Originally from Queens, Evans attended film school on the West Coast at Cal Arts and began doing documentaries. “Unveiling,” his thesis film, dealt with gay and lesbian strippers in the black and Latino community, “focusing on three characters, one of whom, a black woman, performs for predominantly female audiences and is a single mother and Jody Whatley’s sister, filled with all sorts of drama. His 1999 “Two Encounters” examined race in the gay community.
“I had a gay white and a gay black man wired with hidden cameras, going to predominantly white and black bars, and tried to capture what it’s like to be ‘the other’ in those kinds of environments,” he said. “A lot of stuff came through just through gestures and glances. In the black bar, a white guy came up and said, ‘So, you like chocolate?’ which leads to this whole argument about fetishization. Then my friend, Steven was the one black person in G Bar, and has someone coming up and asking if he’s black and then talking to him about his experiences with black men and finding out that they’re usually either hyper-effeminate or think they’re God’s gift to the world.”
Evans is currently unattached and laughingly said, “I’m available. Tell your readers. Actually, this film has been so all-encompassing I haven’t had time for a relationship and don’t know where that would fit in. But I’m open and looking!” Making “Brother to Brother” took six years and was a hard sell for its very uniqueness. Two recent black efforts, “Ski Trip” and “Noah’s Arc,” represent the direct opposite side of the cinematic scale, with their plethora of sometimes amusing but decidedly stereotypical bitchy queens, macho trade and––in both cases––central protagonists who are questioning their identities in an indeterminate and ultimately bland manner.
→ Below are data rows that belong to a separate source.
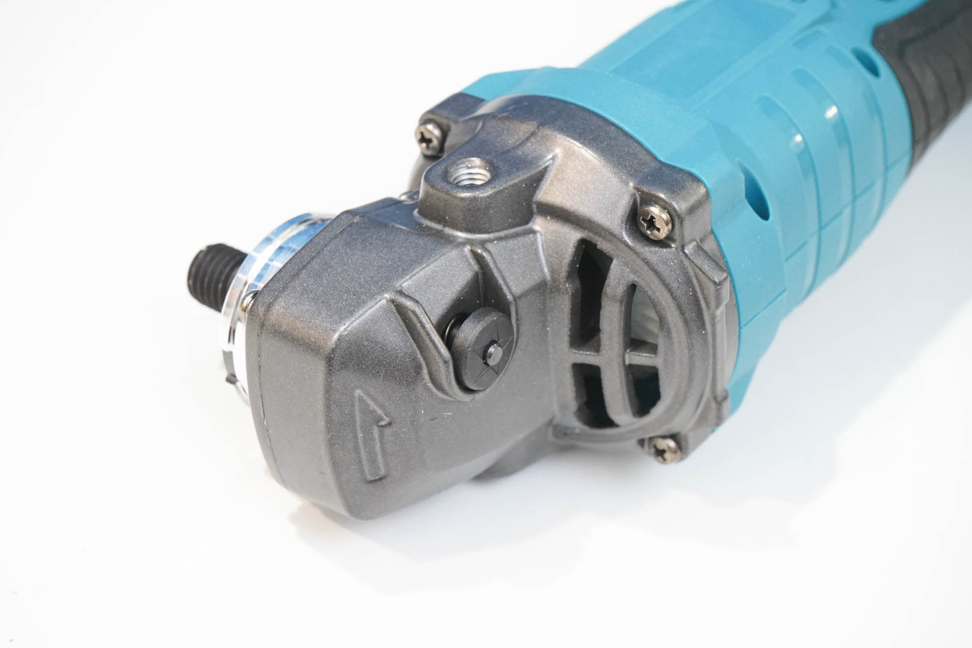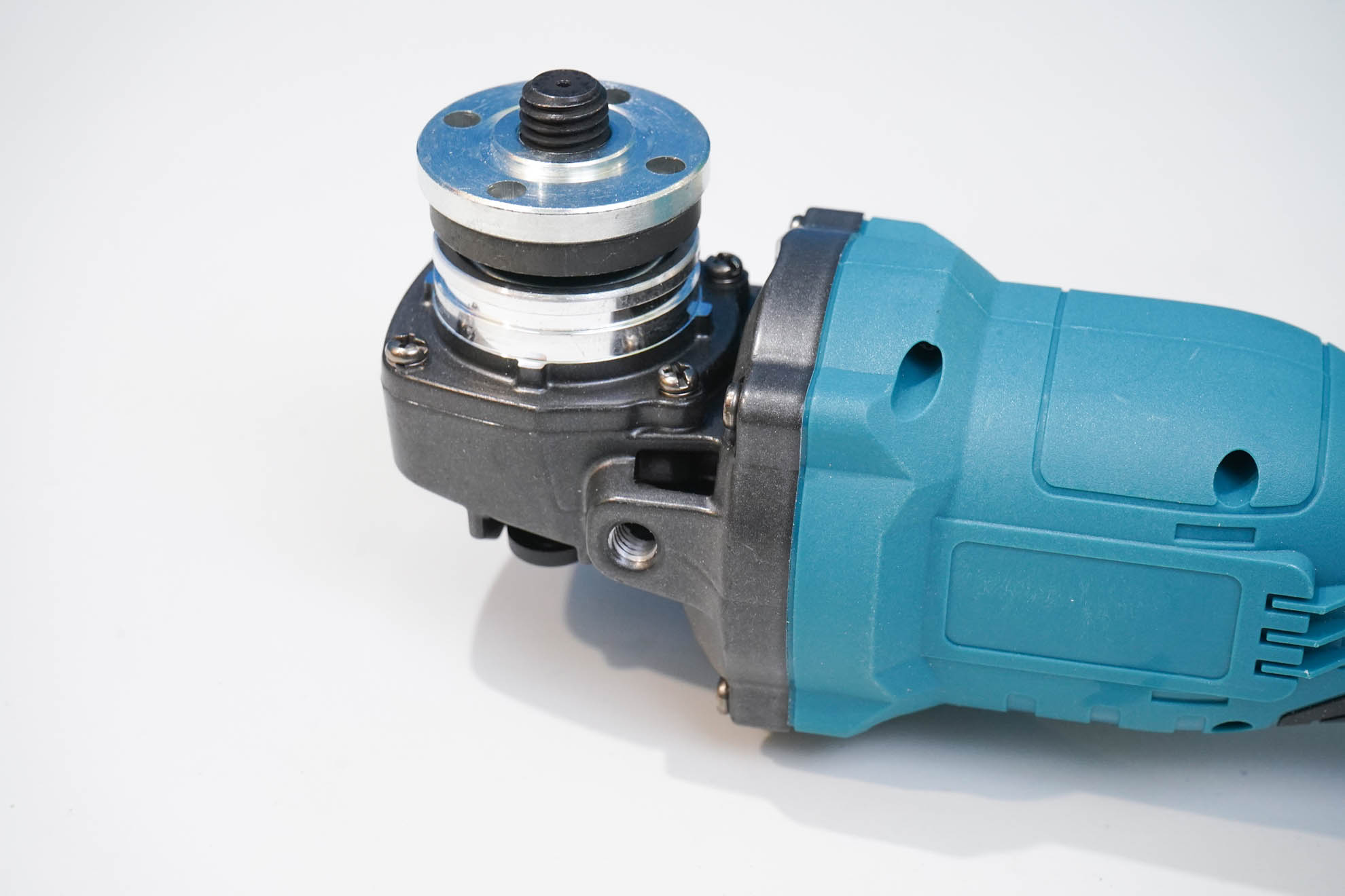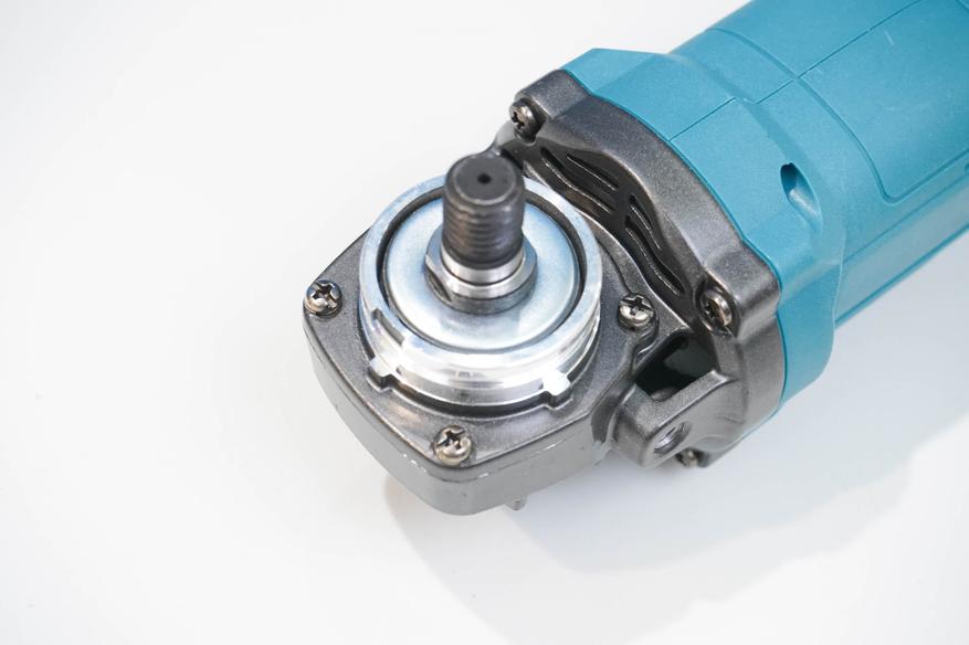 Отмечу тонкий профиль корпуса — внутри скрывается бесщеточный двигатель, система управления с регулировкой и поддержанием оборотов. Редуктор у этой модели отличается по цвету — затемненный алюминиевый корпус редуктора. В остальном же это привычный шпиндель М14, подходят стандартные насадки для УШМ, установлены обычны гайка-шайба. Можно заменить на быстрозажимную гайку, но её потребуется приобретать отдельно.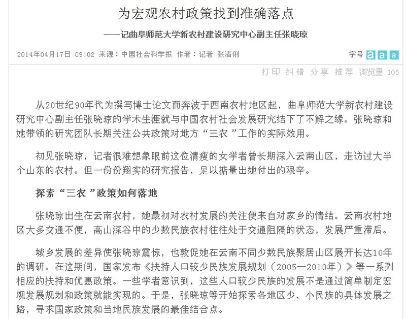 中国社会科学报:为宏观农村政策找到准确落点——记万象城官方网站新农村建设研究中心副主任张晓琼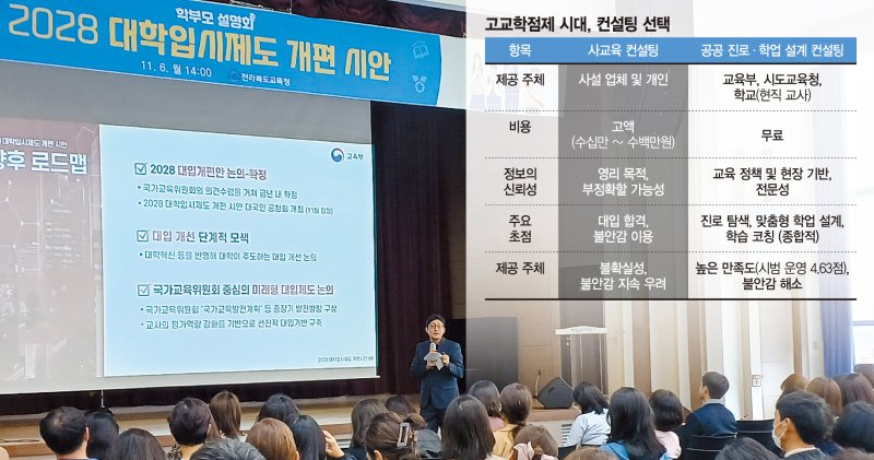 이날 설명회에 참석한 덕성여중 학부모는 "학교마다 진학 상담 선생님들이 있어 수시로 상담도 해준다 하니 굳이 사교육 컨설팅을 받지 않아도 될 것 같고, 이런 설명회나 공교육을 활용해도 충분히 가능할 것 같다"고 말했다.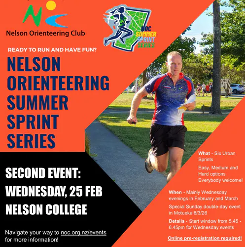 The second event of the 2026 Summer Sprint Series will be held at Nelson College for Boys on Wednesday, 25 February 2026. To win, you'll need to run, but walking the course is perfectly fine...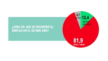 “¿Usted cree que se recuperó el empleo en el último año?”, fue otra de las preguntas. Un 12,4% respondió “mucho” o “bastante”; un 81,9% “poco” o “nada” y un 5,7% “no sabe”.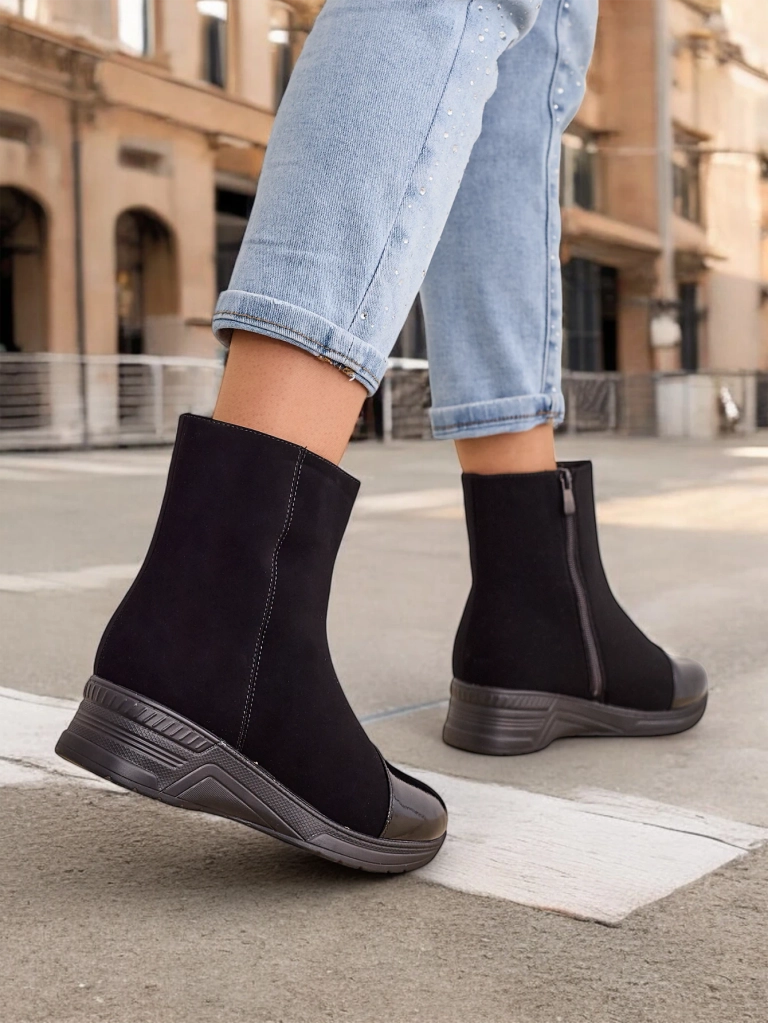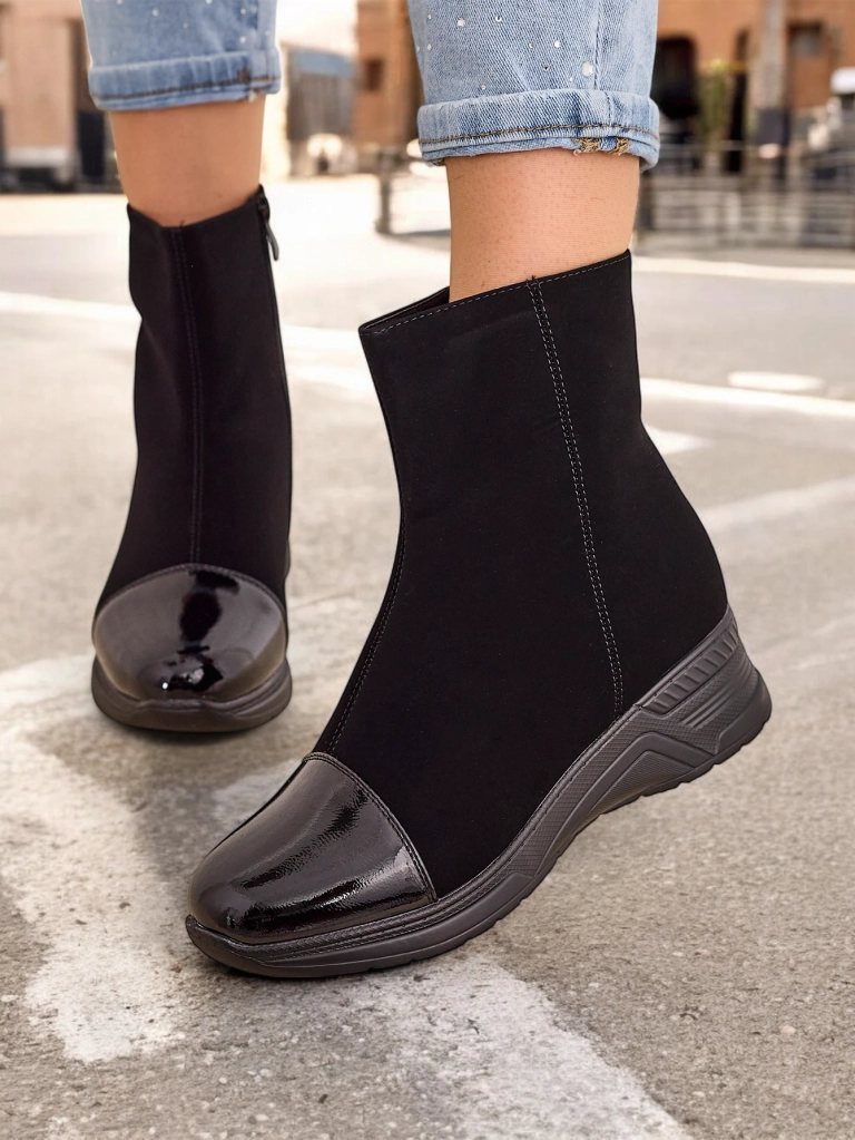 - Фантастични дамски боти с ток, изработени от матов еко кожа с лаков нос. Вътрешността е от приятно козинче. Моделът е с цип. Идеални за есенни тоалети!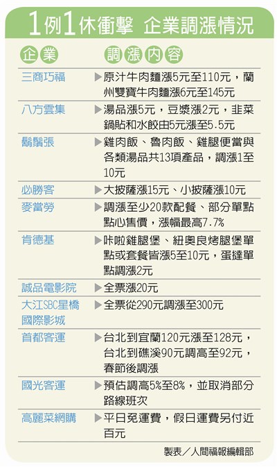 1例1休衝擊 企業調漲情況 製表/人間福報編輯部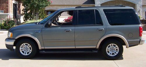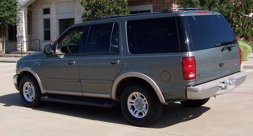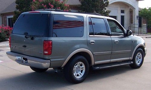 1999 FORD EXPEDITION "EDDIE BAUER" EDITION - VERY NICE RUST FREE NORTH TEXAS SUV - ELECTRONIC 4-SPEED AUTOMATIC TRANSMISSION - POWER WINDOWS - POWER DOOR LOCKS - CRUISE CONTROL - TILT WHEEL - LEATHER POWER FRONT BUCKET SEATS WITH CENTER CONSOLE - ROOF CONSOLE - FORD MACH AM/FM STEREO WITH CASSETTE AND 6 DISC CD CHANGER - ALLOY WHEELS - TINTED WINDOWS - LIGHTED VANITY MIRRORS - REMOTE ENTRY WITH DIGITAL KEYPAD AND ALARM - REAR WINDOW WIPER AND WASHER - REAR WINDOW DEFOGGER - POWER REAR WINDOW FLIP OUT VENTS - ILLUMINATED ENTRY - FRONT AND REAR HEAT AND AIR - THIRD SEAT - TINTED WINDOWS - ROOF RACK - POWER HEATED REAR VIEW MIRRORS WITH LIGHTED TURN INDICATORS - ANTI THEFT - POWER ADJUSTABLE PEDALS - LIGHTED RUNNING BOARDS - FOG LAMPS - POWER REAR VENT WINDOWS - RUNS AND DRIVES LIKE NEW....EXTRA CLEAN INSIDE AND OUT.....FREE SHIPPING UP TO 200 MILES WITH BUY IT NOW........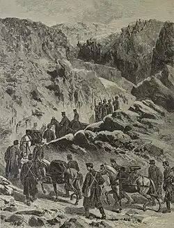 Advance of Austro-Hungarian artillerymen through mountain terrain (Neue Illustrirte Zeitung, 1882)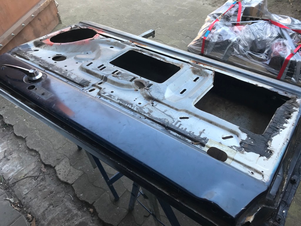 Nach dem Entfernen der Scheiben und der Betätigungselemente ist die Tür übrigens kaum leichter geworden, dafür aber auch nicht durchgerostet. Man muss eben abwägen 🤔.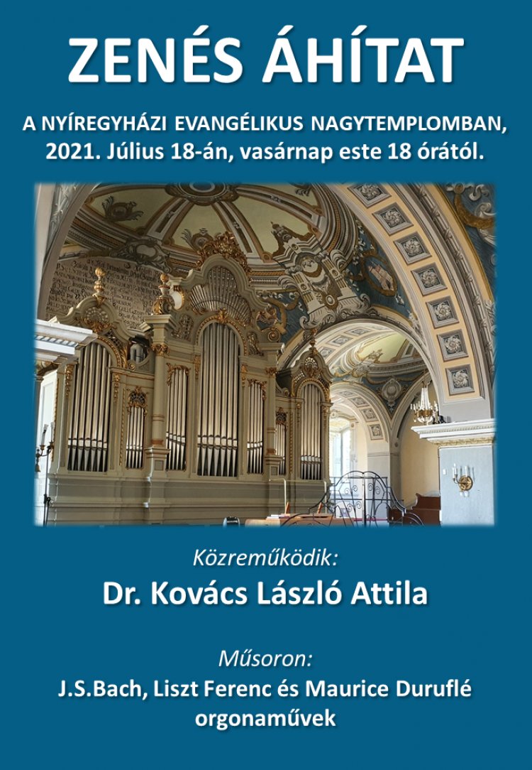 Az evangélikus egyház ismét zenés áhítatra hívja az érdeklődőket. Július 18-án, vasárnap este 18 órától az evangélikus nagytemplomban dr. Kovács László Attila lelkész-orgonista J.S. Bach, Liszt Ferenc és Maurice Duruflé orgonaműveket fog előadni.
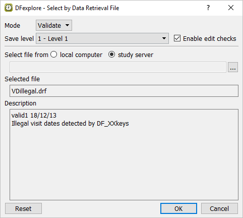 To locate the data retrieval file VDillegal.drf, click next to Select from file option. In the file selection dialog, choose the file VDillegal.drf, then click .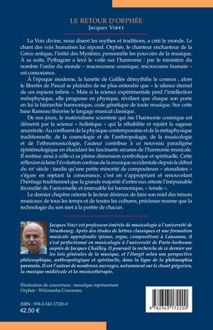 La Voix divine, nous disent les mythes et traditions, a créé le monde. Le chant des voix humaines lui répond. Orphée, l’initié des Mystères grecs, personnifie les pouvoirs de la musique. De nos jours, le matérialisme scientiste qui nie l’harmonie cosmique est démenti par la science « holistique » qui rejoint la sagesse ancestrale. Au confluent de la physique contemporaine et de la métaphysique traditionnelle, de la cosmologie et de l’anthropologie, de la musicologie et de l’ethnomusicologie, cet ouvrage contribue à ce nouveau paradigme en élucidant les arcanes de l’harmonie musicale. Il lui restitue sa dimension symbolique et spirituelle et éclaire l’évolution confuse de la musique occidentale depuis le début du xxe siècle.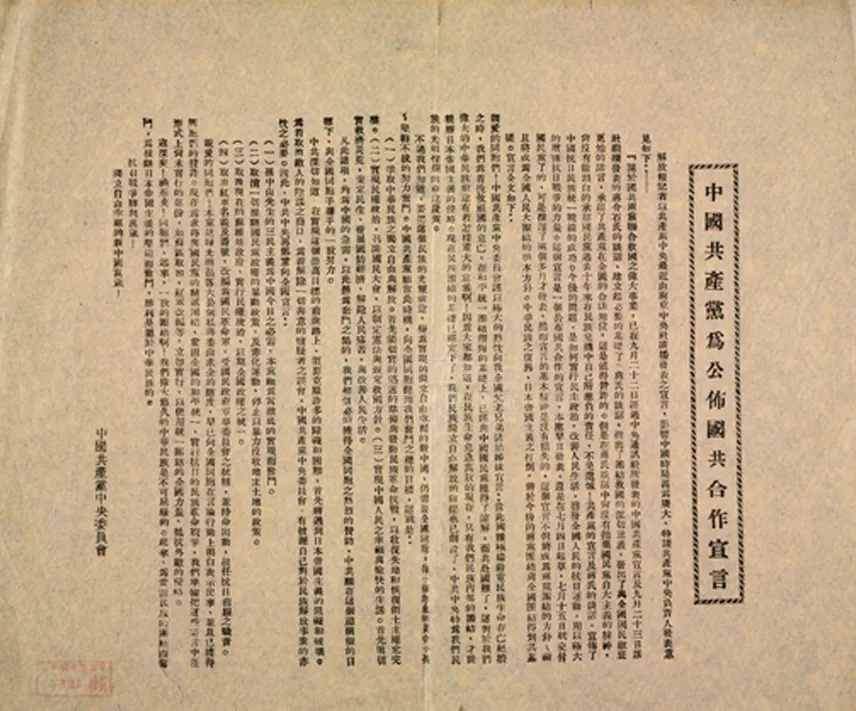 9月22日,国民党中央通讯社发表《中共中央为公布国共合作宣言》,第二天,蒋介石发表实际上承认共产党合法地位的谈话。国共两党重新合作,中国抗日民族统一战线正式形成。

“I think that’s a very specific and different agenda,” Evans said. “A lot of filmmakers see these white gay fluffy romantic comedies and really want to make films like them, but they just want to have black people in them. That’s a very specific interest that is not mine, but I think there’s room and applaud them for that.”
Evans offered an overview of the vision he would like to achieve.
“I definitely want to do something totally different, dramatic and grappling with history,” he explained. “I really had to fight because a lot of people have very myopic ideas of what film can be. So if you have a parallel structure that is moving back and forth between past and present, that’s constantly questioned. Or a fictionalized encounter between James Baldwin and Eldridge Cleaver has people concerned that the audience is going to be confused. My whole thing is, let people think for a second, don’t spoon-feed them. I think that kind of thought pattern is why films are so predictable; you know in the first five minutes exactly where they’re going.”
Evans hopes to do something different: “I think most filmmakers make the kind of film they hunger to see: a black gay character that’s not a drag queen-comic relief-high snap diva but actually is complex and layered.”